Vergangenen Herbst geriet die komplizierte Vertragskonstruktion aus 20 Einzelverträgen erstmals ins Wanken. Im Strudel der Finanzkrise wurde das Rating des größten US-Versicherungskonzerns AIG heruntergestuft. Weil der Bochumer Kanalnetzdeal bei diesem Konzern versichert war, sank damit der Wert der Sicherheiten. Die Stadt fand kein anderes Versicherungsunternehmen, das einspringen wollte. Um nicht vertragsbrüchig zu werden, entschied die Stadt, für die Riesensumme von 90 Millionen Euro US-Staatsanleihen zu kaufen und damit die Risiken selbst abzusichern – auf Kosten einer entsprechend höheren Neuverschuldung.

Kalte Füße kamen zu spät

Doch auch die Rieseninvestition in Staatsanleihen machte die Sache nicht besser. Die unabschätzbaren Risiken des Scheingeschäfts verursachten bei den Verantwortlichen – leider viel zu spät – kalte Füße.
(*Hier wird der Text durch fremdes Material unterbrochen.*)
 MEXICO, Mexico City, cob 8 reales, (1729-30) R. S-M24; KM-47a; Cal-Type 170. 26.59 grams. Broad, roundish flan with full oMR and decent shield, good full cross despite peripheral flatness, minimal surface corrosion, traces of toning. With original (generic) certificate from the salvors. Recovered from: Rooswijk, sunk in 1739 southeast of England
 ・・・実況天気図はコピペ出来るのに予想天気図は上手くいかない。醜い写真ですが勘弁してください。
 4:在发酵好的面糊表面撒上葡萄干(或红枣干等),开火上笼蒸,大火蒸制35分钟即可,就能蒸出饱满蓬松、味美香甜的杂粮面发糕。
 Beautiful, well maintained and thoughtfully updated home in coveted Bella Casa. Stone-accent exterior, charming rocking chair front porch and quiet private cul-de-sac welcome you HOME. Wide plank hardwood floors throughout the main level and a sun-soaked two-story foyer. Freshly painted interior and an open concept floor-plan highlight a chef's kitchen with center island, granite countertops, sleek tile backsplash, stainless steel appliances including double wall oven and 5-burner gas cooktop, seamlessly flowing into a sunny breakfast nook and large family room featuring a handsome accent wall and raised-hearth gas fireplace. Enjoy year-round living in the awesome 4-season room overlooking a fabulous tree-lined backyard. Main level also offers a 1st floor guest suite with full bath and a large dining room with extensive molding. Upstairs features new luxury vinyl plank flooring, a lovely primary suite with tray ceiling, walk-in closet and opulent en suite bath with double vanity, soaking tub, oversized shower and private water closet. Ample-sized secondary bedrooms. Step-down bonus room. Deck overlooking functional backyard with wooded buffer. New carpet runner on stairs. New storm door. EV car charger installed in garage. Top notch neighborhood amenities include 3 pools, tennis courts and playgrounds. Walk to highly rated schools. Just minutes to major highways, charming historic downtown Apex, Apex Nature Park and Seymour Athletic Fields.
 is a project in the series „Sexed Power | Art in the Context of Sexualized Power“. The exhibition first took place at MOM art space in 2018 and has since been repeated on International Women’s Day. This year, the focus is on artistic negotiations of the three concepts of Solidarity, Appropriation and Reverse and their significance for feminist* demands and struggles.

Auf einer nächtlichen Sondersitzung machte der Haupt- und Finanzausschuss vor zwei Wochen den Weg zu einem vorzeitigen Ausstieg aus dem Deal frei, um die Millionenverluste zu begrenzen. Bis heute ist allerdings unklar, wie teuer die Stadt das spekulative Finanzabenteuer zu stehen kommt. Die Befürchtungen reichen von einem 6-Millionen-Euro-Minus bis zum drohenden Totalausfall von 380 Millionen Euro, sollte der Garantiegeber AIG aufgrund der Finanzkrise doch noch pleite gehen. Dass alle anderen an dem Deal Beteiligten – der US-Investor, die Beratungsfirmen, die Anwälte, die Versicherungen – mit einem Plus aus dem Geschäft aussteigen, während die Stadt auf immensen Kosten sitzen bleibt, gilt jedoch als sicher.
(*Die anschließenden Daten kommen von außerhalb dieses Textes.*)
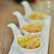 水发海蜇丝、自制川味红油、酱油、宁化府香醋、油泼辣子。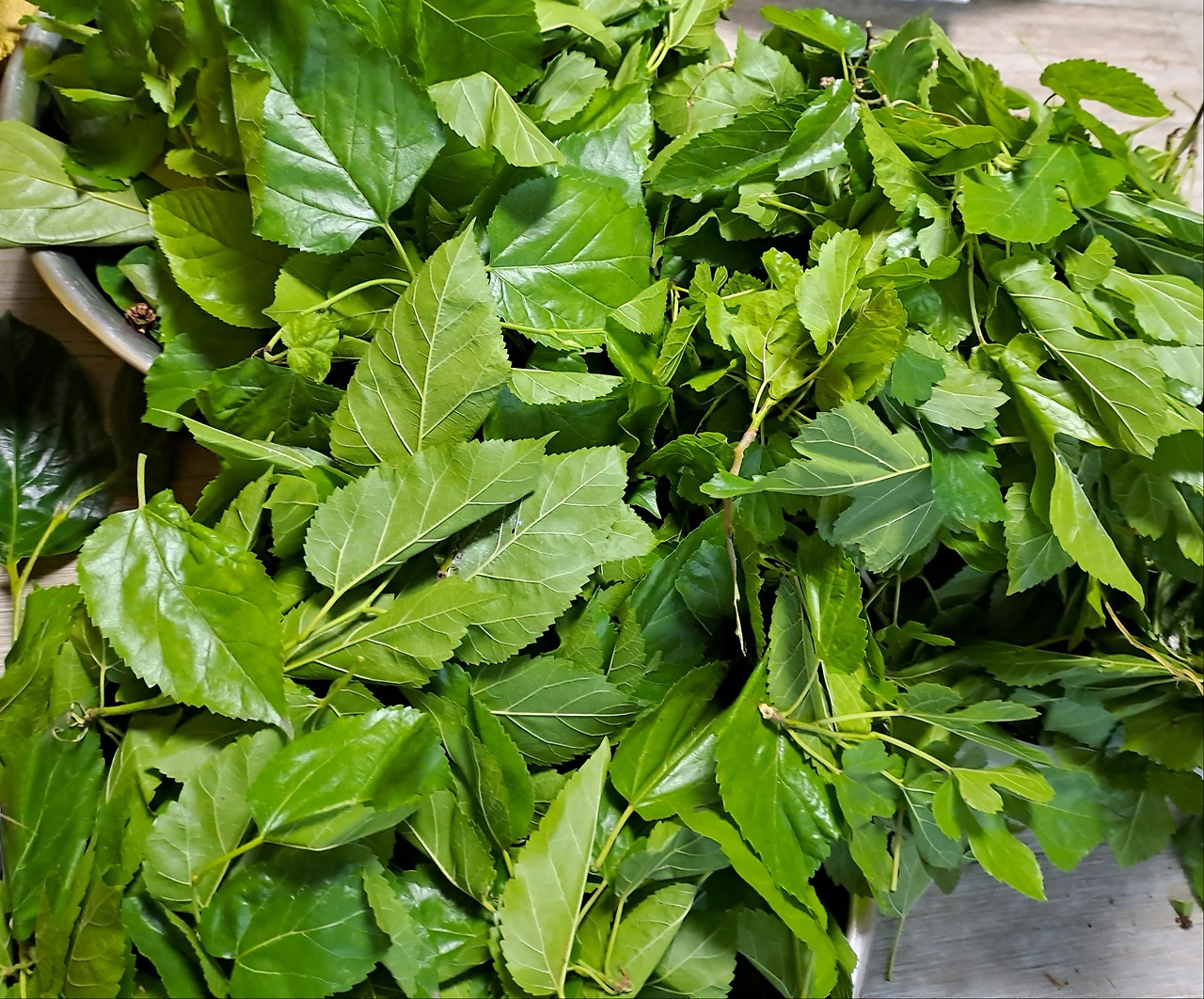 1 뽕잎은 집으로 가지고 와서 나뭇잎과 잔가지 같은 것을 분류해서 다듬어 놓는다.
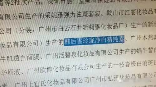 广州十长生化妆品有限公司生产的韩后雪玲珑至臻无暇净白精纯素,检出倍他米松成分。
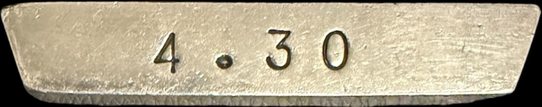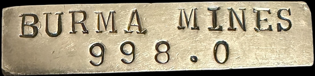 ![]() ![]() | [BURMA MINES] [999•7] | [Burma Corporation Ltd] [April 1923] | 4.18oz ingot Produced by Burma Corporation, Ltd. This ingot measures 3″ x 7/16” and weighs 129.89 grams. | <10 |

„Wir sind der Meinung, dass die Menschen in unserer Stadt einen Anspruch auf schonungslose Aufklärung über die verbleibenden Risiken haben“, sagt der Geschäftsführer des Bochumer Mietervereins Michael Wenzel angesichts des andauernden Rätselratens über die Kosten. Er fordert die Verantwortlichen auf, endlich mit offenen Karten zu spielen. Schließlich habe die Ratsmehrheit 2003 einen Bürgerentscheid gezielt unterlaufen und trage daher eine besondere Verantwortung.
Demokratische Grundsätze missachtet

In der Tat: Hätten sich die Verantwortlichen aus den Reihen der Bochumer SPD und Grünen an demokratische Grundsätze gehalten, wären der Stadt die Millionenverluste vielleicht erspart geblieben. In Bergisch-Gladbach und Köln haben Bürgerentscheide ähnliche Cross-Border-Geschäfte verhindert. Auch in Bochum war dieser Weg längst eingeschlagen: Die GlobalisierungskritikerInnen von attac hatten zusammen mit dem Mieterverein erfolgreich ein Bürgerbegehren gegen den spekulativen Deal durchgeführt. Knapp 15.000 BochumerInnen sorgten mit ihrer Unterschrift dafür, dass die Stadt eigentlich einen gesetzlich vorgeschriebenen Bürgerentscheid hätte durchführen müssen.

Doch sie hatten die Rechnung ohne die Tricksereien der rot-grünen Koalition gemacht: Um dem Bürgerentscheid zuvorzukommen, flog die damalige Stadtkämmerin und heutige Oberbürgermeisterin Ottilie Scholz schnell nach New York und unterschrieb den bis heute geheim gehaltenen 1000-Seiten-Vertrag. Heute weisen KritikerInnen darauf hin, dass Bochum damit nicht nur Opfer, sondern auch Täter im Rahmen der Finanzkrise wurde. Denn Leergeschäfte wie der Bochumer Kanalnetz-Deal trugen dazu bei, dass mit Milliardenbeträgen eine globale Finanzblase aufgebläht wurde, die dann 2008 platzen sollte. Eine Entschuldigung und die Übernahme der politischen Verantwortung für das Bochumer Cross-Border-Desaster seitens der EntscheidungsträgerInnen steht bis heute aus. Stattdessen will Ottilie Scholz bei den Kommunalwahlen im Sommer wieder als Oberbürgermeisterkandidatin antreten.